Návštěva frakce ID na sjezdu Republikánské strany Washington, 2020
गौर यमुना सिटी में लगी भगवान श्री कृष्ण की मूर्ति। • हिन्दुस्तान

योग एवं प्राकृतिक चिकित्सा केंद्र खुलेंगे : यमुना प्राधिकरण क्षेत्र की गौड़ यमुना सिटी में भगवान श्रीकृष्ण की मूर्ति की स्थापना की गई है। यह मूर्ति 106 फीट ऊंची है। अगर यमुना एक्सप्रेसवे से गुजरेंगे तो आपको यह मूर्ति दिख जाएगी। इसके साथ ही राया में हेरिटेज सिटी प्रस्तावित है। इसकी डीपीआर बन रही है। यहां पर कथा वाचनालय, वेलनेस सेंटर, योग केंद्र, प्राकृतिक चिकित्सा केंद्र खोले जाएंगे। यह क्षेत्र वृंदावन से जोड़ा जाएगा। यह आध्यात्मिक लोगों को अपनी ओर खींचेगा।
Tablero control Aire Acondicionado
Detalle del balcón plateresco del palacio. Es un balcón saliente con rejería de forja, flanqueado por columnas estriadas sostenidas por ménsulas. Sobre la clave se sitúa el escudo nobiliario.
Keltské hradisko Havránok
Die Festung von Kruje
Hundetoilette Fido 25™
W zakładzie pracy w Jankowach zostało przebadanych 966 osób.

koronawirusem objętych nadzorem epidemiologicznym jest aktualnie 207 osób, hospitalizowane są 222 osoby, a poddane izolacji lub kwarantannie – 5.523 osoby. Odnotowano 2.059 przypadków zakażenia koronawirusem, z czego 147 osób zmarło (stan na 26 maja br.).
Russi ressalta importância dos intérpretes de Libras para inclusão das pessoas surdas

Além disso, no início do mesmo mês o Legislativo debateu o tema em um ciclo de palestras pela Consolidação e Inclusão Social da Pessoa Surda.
_ _ _ _
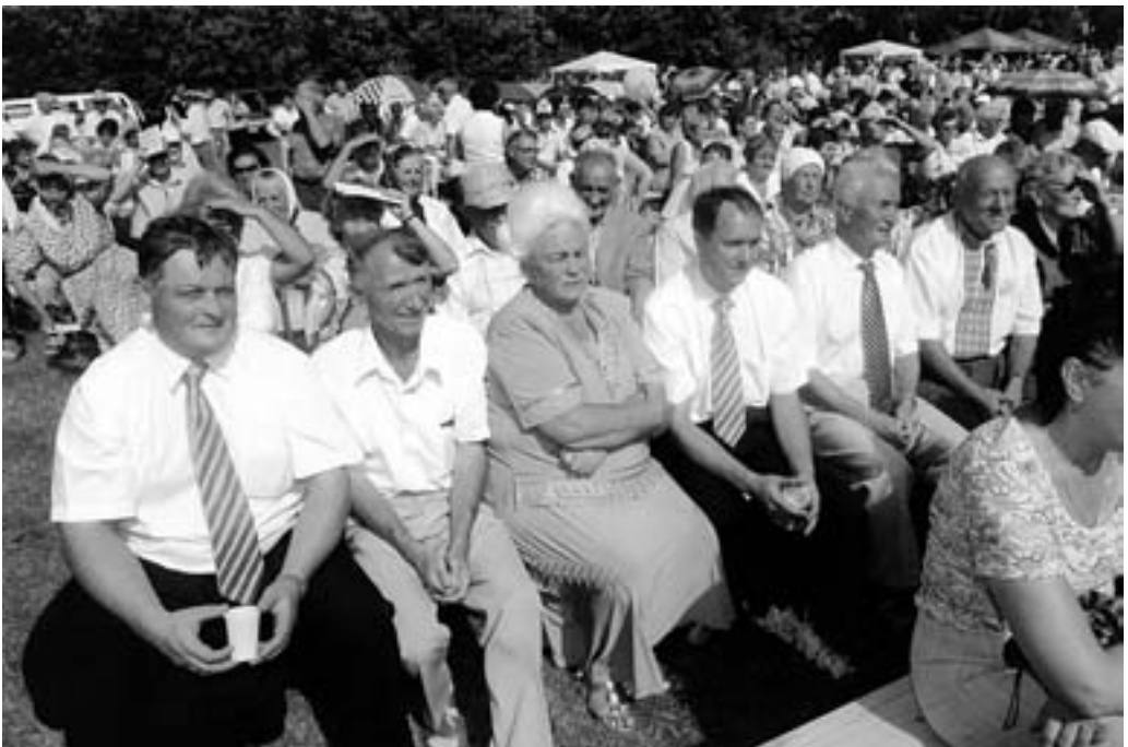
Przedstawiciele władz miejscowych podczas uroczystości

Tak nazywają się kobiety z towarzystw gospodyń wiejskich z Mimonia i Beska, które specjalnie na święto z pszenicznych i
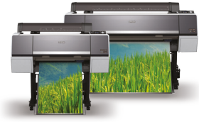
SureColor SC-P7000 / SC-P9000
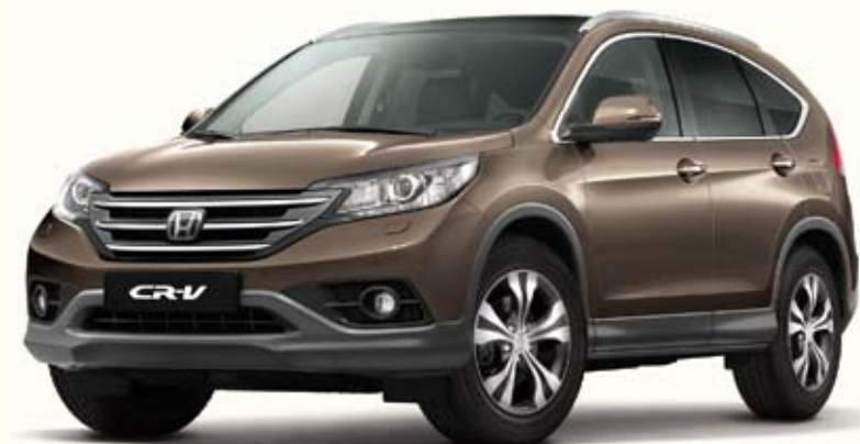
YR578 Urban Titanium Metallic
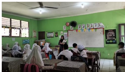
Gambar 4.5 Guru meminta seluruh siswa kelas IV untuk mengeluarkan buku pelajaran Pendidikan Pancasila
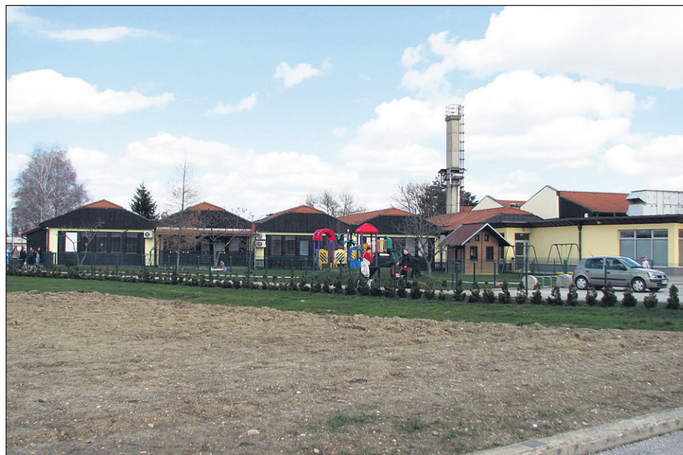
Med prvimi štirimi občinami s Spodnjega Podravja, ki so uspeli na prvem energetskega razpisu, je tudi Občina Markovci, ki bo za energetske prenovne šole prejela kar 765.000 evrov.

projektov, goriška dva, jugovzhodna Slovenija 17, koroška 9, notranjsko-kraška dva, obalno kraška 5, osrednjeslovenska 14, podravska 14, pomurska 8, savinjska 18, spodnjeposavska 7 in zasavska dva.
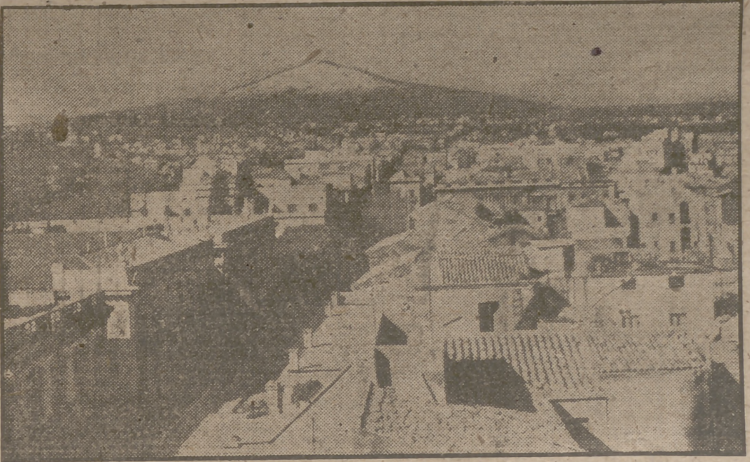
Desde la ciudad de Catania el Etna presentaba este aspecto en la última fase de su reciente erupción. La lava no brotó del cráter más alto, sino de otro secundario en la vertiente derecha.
_ _ _ _
● **TO DO**
From the records above, copy only the lines starting with the line that holds "Detalle del balcón" and going on through the line that holds "Russi ressalta importância", exactly as written.

● **EXERCISE OUTPUT**
Detalle del balcón plateresco del palacio. Es un balcón saliente con rejería de forja, flanqueado por columnas estriadas sostenidas por ménsulas. Sobre la clave se sitúa el escudo nobiliario.
Keltské hradisko Havránok
Die Festung von Kruje
Hundetoilette Fido 25™
W zakładzie pracy w Jankowach zostało przebadanych 966 osób.

koronawirusem objętych nadzorem epidemiologicznym jest aktualnie 207 osób, hospitalizowane są 222 osoby, a poddane izolacji lub kwarantannie – 5.523 osoby. Odnotowano 2.059 przypadków zakażenia koronawirusem, z czego 147 osób zmarło (stan na 26 maja br.).
Russi ressalta importância dos intérpretes de Libras para inclusão das pessoas surdas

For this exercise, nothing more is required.